Лучше бы не смотрел. Когда выглянул впервые, увидел обгорелого висельника на дорожном знаке «Стоп». Фирменный почерк. Кажется, Хлеборобы использовали наступательные гранаты и реактивные пехотные огнеметы, чтобы пробить первый слой защиты. Ворота смяли таранным грузовиком, но за ними стояли сторожки с солдатами. Многие бойцы союзного субклана Распутников даже не успели покинуть их. Стены зданий были иссечены пулеметными очередями, окна выбиты взрывами. Кровью пахло сильнее, чем гарью.
По классификации воеводы Хлеборобов, этот вид оперативного наступления назывался «Буря и натиск», вспомнил Горбач. Силовой удар с использованием максимального количества оглушающего оружия. Никакой позиционной войны и точечных атак, боеприпасов не жалеть. Такой удар мог обернуться большими потерями, если противник готов к обороне.
В Орехове-Зуеве готовы не были. За минуту Горбач насчитал два десятка трупов – и это только те, кого еще не успели унести. С оторванными конечностями, избитые гвоздебитами, разрезанные очередями, словно ножом. Много заживо сгоревших. Это тоже почерк воеводы. Он обожает коктейли Молотова и напалм.
– Зачем ты смотришь? Мы еще не приехали, – сказала Лиза.
– Хочу запомнить, – сказал Горбач.
– Там… правда все плохо?
– Они озверели, – сказал Горбач. – Там все очень плохо. Тебе лучше не смотреть.
– Почему они не могли договориться? – спросила Лиза. – Почему они никогда не могут договориться?

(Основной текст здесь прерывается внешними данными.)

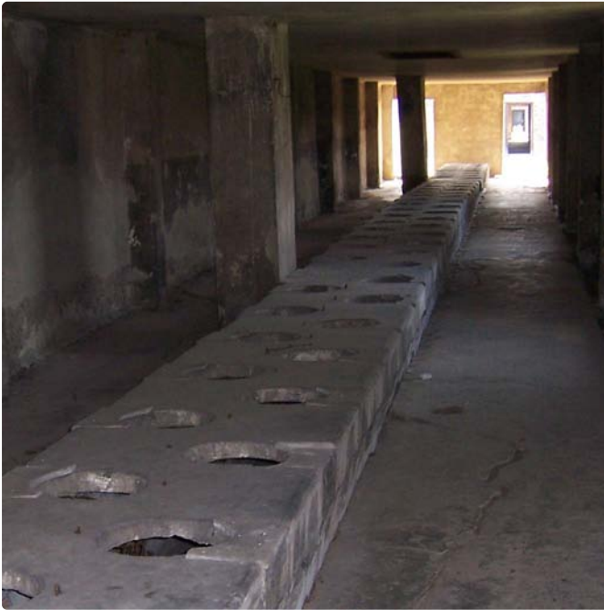
Latrinenbaracken im Frauenlager von Auschwitz-Birkenau. Da die Benutzung nur zu bestimmten Zeiten erlaubt war, waren die Latrinen ständig überfüllt und alles musste in fliegender Hast verrichtet werden.

ausgenommen. Auf diese Weise entstand im Lager ein reger Tauschmarkt: Häftlinge, die beim Gemüseanbau eingesetzt waren oder Zugang zu den Lebensmittelmagazinen hatten, „organisierten“ Nahrungsmittel und boten diese dann zum Tausch an.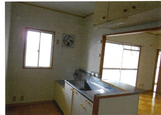
台所 (湯沸かし器は入居者設置です)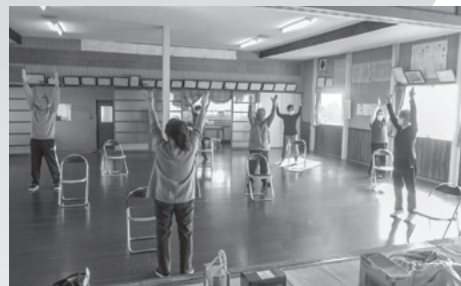
▲ラジオ体操で心も体もスッキリ！

また、働いていた頃は地域との関わりがなく、顔見知りの方も少なかったですが、三ツ柳なかよし会の皆さんと知り合うことができ、会場で会うのが楽しみになっています。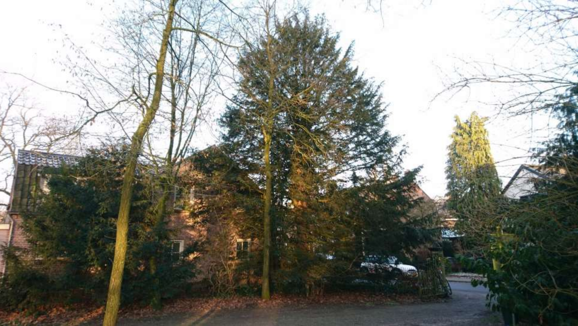
Groenblijvende taxusboom bij de ingang Kroostweg.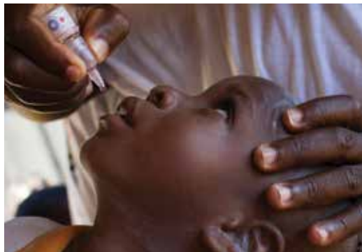
扶輪社員在奈及利亞，為兒童投小兒麻痹疫苗。

扶輪社員和友人的慷慨捐獻讓我們為有需求的社區提供有持續性的改善。如您有意支援扶輪基金會，請詢問貴社的扶輪基金會主委，或者上網 rotary.org/donate 瞭解方法。更多的詳情可自 The Rotary Foundation Reference Guide (扶輪基金會參考指南) 下載，或在扶輪網站的 Learning Center (學習中心) 學習有關扶輪基金會的基礎課程。

– Зуевские не пустили бы просто так, – сказал Горбач. – Это точно. Я думал, попробуют подкупить, дипломатами обменяться, сыновья из высоких родов, ну как обычно делают, что-то придумают. А они, видишь, отчаялись совсем. Наверное, князь поставил задачу дойти до Владимира как можно скорее.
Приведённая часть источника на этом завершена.